The proposed system that creates a summary report automatically from colonoscopy videos is expected to contribute to the gastroenterology and endoscopy field by enabling physicians to have easier access to important colonoscopy data. The system can summarize meaningful colonoscopy information, provide visualized guidelines, or be utilized for educational purposes using artificial intelligence, similar to IBM’s Watson [28,29,30,31]. It can also be used to training non-experts in polyp detection [68, 69]. Moreover, when a physician who did not conduct the colonoscopy reads the medical records, the SRCV can help increase the reliability of the report and the physician’s understanding of the results by matching the video with the SRCV. Additionally, if the SRCV is included in the medical records, it will be helpful when medical records and patient information are shared among doctors or hospitals [32].
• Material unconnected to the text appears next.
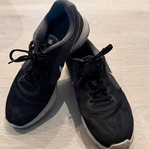 Nike sneakers i størrelse 38,5 Disse joggeskoene er laget for kvinner og kommer i en nøytral farge. Perfekt for hverdagsbruk eller trening. Laget av slitesterke materialer for komfort og støtte. Hvit såle. De er pent brukt av jente 12 år.

In conclusion, our study showed the usefulness of a system that extracts meaningful information from colonoscopy videos and provides a summary report on a color-coded timeline. The accuracy and sensitivity of classification type and polyp detection was verified. Further validation of the system is needed after system improvement, including an increase in the PPV for polyp detection by using deep learning methods. If the system improves accuracy and is capable of real-time application, then clinical application of this system can be expected to assist in the detection of polyps and finally increase ADR in colonoscopy. Furthermore, when the utility of the SRCV was evaluated using an SUS questionnaire, a large majority of participants expressed positive opinions. Thus, our proposed system for analyzing colonoscopy videos is expected to be useful for physicians and patients, and it also can be utilized in capsule endoscopy.